▼

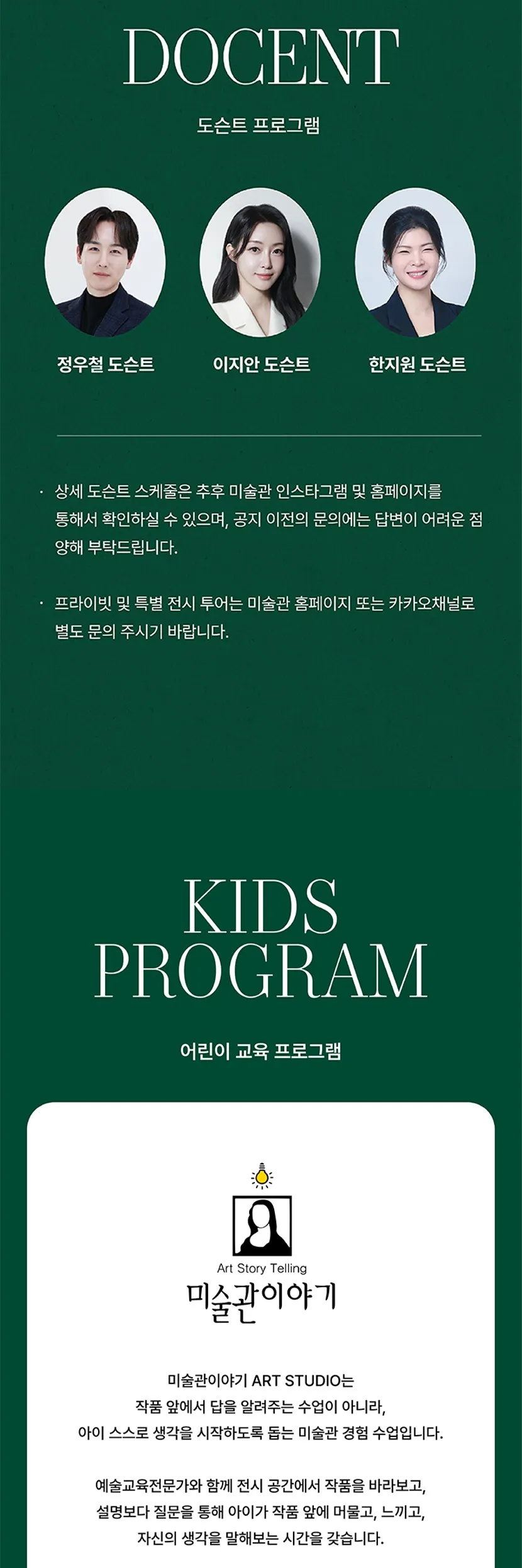 - 정규 도슨트는 평일에만 운영되며, 주말 및 공휴일에는 운영되지 않습니다.
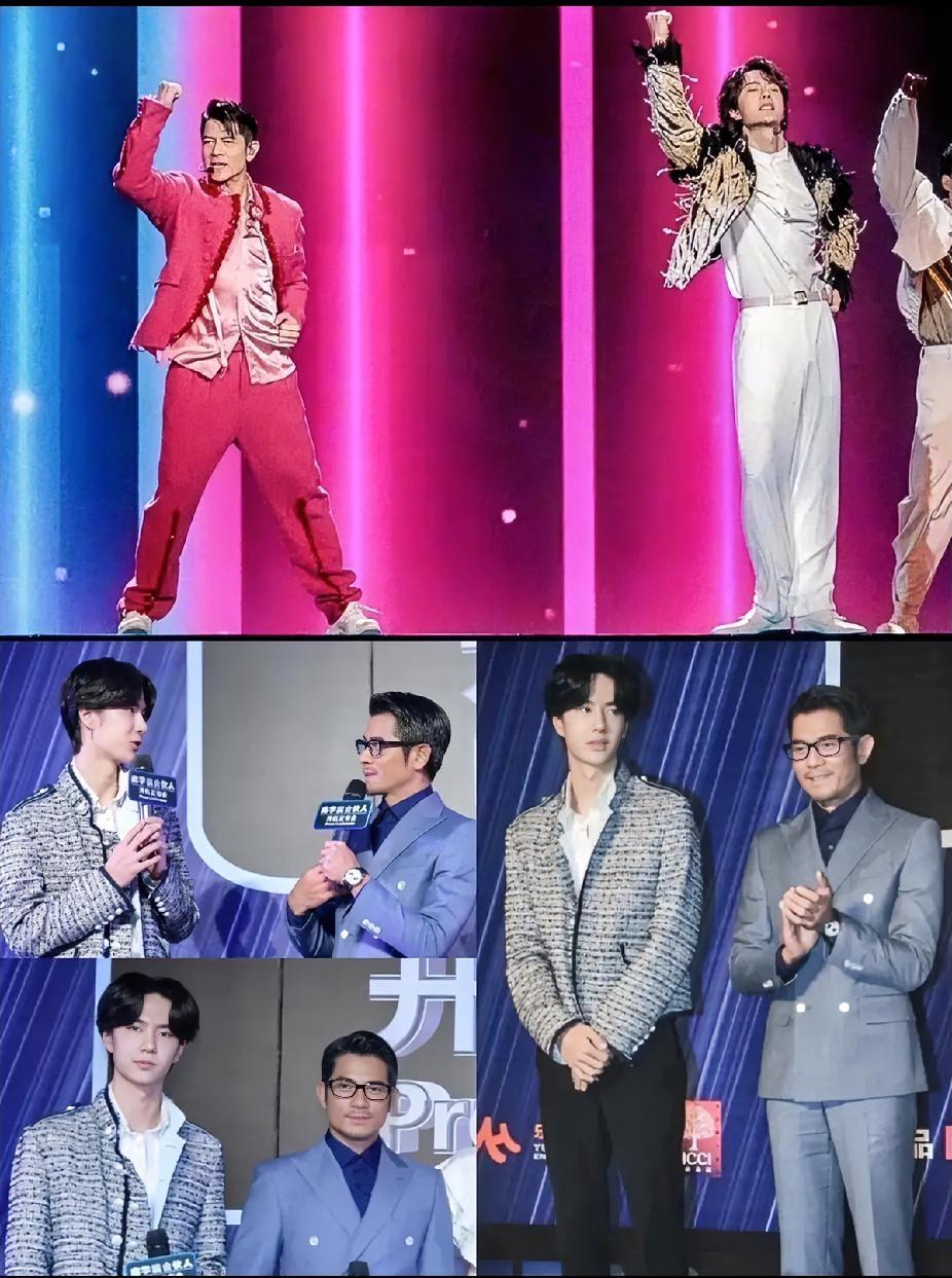 不是我说,央视春晚, 到底是哪个天才想出来的, 居然让60岁的郭富城,配合王一博全开麦唱跳! 关键还是在移动阶梯上闯关式飙舞,所以这含金量也太足了吧!我甚至想说,这哪是春晚表演,分明就是唱跳界的巅峰传承嘛,毕竟每一个细节都藏着天王与少年的极致诚意! 《闪耀动起来》是今晚第七个节目,一登场就炸穿了舞台天花板 。节目组特意搭建了动态阶梯与旋转平台组成的机关舞台,两人全程在移动装置上边走边跳,既要精准避开障碍,又要保持唱跳节奏,简直就像“春晚版赛道闯关”。 最让人惊叹的是全程全开麦,郭富城的经典唱腔稳如CD,王一博的Rap吐字清晰有力,气息稳到仿佛装了定海神针。 造型上也是各种细节!郭富城身着经典亮片西装,复刻了标志性的机械舞和太空步,年近六旬依旧肢体舒展,每一个定格都尽显天王底蕴。 王一博则身穿高定羽毛刺绣夹克,用凌厉的Krump街舞精准回应,卡点精准到发丝。 据说为了这次合作,他提前半个月进组合练,反复抠郭富城的经典手势细节,两人对视时的默契一笑,直接让现场氛围达到顶峰。 而台下的长辈们跟着熟悉的旋律拍手哼歌,年轻人则疯狂截图保存直拍名场面,总之老少皆宜! 顺道问问大家,是否觉得他俩这节目看得挺过瘾?郭富城唱歌 王一博
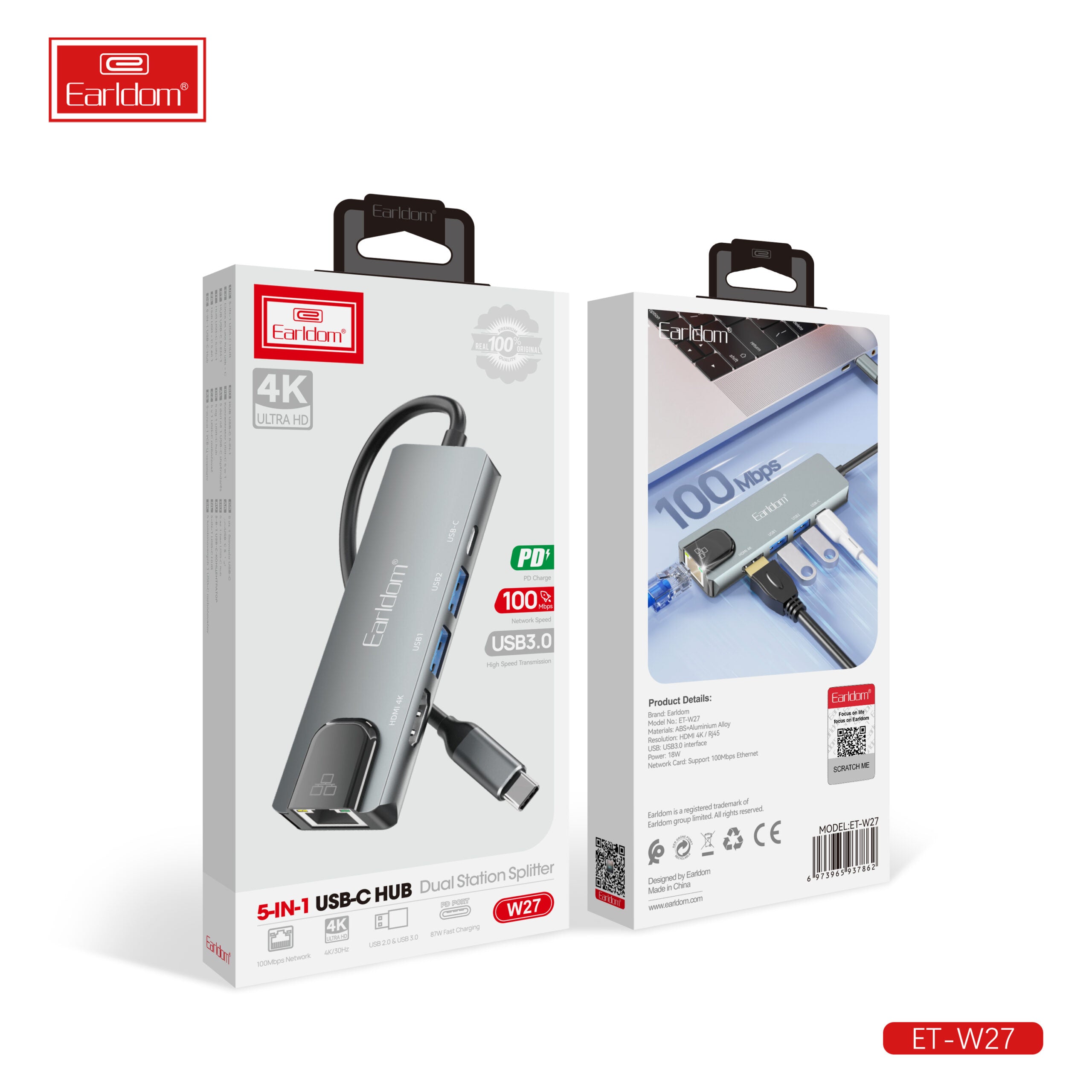 Earldom Hub USB-C 5 en 1, double station de répartition, câble HDMI et NW, gris W27

▲

[About this task]
Lines from the one with "不是我说,央视春晚, 到底是哪个天才想出来的, 居然让60岁的郭富城,配合王一博全开麦唱跳!" through the final line of the listing above: copy them exactly, both ends included, and omit every picture.

[Response below]
 不是我说,央视春晚, 到底是哪个天才想出来的, 居然让60岁的郭富城,配合王一博全开麦唱跳! 关键还是在移动阶梯上闯关式飙舞,所以这含金量也太足了吧!我甚至想说,这哪是春晚表演,分明就是唱跳界的巅峰传承嘛,毕竟每一个细节都藏着天王与少年的极致诚意! 《闪耀动起来》是今晚第七个节目,一登场就炸穿了舞台天花板 。节目组特意搭建了动态阶梯与旋转平台组成的机关舞台,两人全程在移动装置上边走边跳,既要精准避开障碍,又要保持唱跳节奏,简直就像“春晚版赛道闯关”。 最让人惊叹的是全程全开麦,郭富城的经典唱腔稳如CD,王一博的Rap吐字清晰有力,气息稳到仿佛装了定海神针。 造型上也是各种细节!郭富城身着经典亮片西装,复刻了标志性的机械舞和太空步,年近六旬依旧肢体舒展,每一个定格都尽显天王底蕴。 王一博则身穿高定羽毛刺绣夹克,用凌厉的Krump街舞精准回应,卡点精准到发丝。 据说为了这次合作,他提前半个月进组合练,反复抠郭富城的经典手势细节,两人对视时的默契一笑,直接让现场氛围达到顶峰。 而台下的长辈们跟着熟悉的旋律拍手哼歌,年轻人则疯狂截图保存直拍名场面,总之老少皆宜! 顺道问问大家,是否觉得他俩这节目看得挺过瘾?郭富城唱歌 王一博
 Earldom Hub USB-C 5 en 1, double station de répartition, câble HDMI et NW, gris W27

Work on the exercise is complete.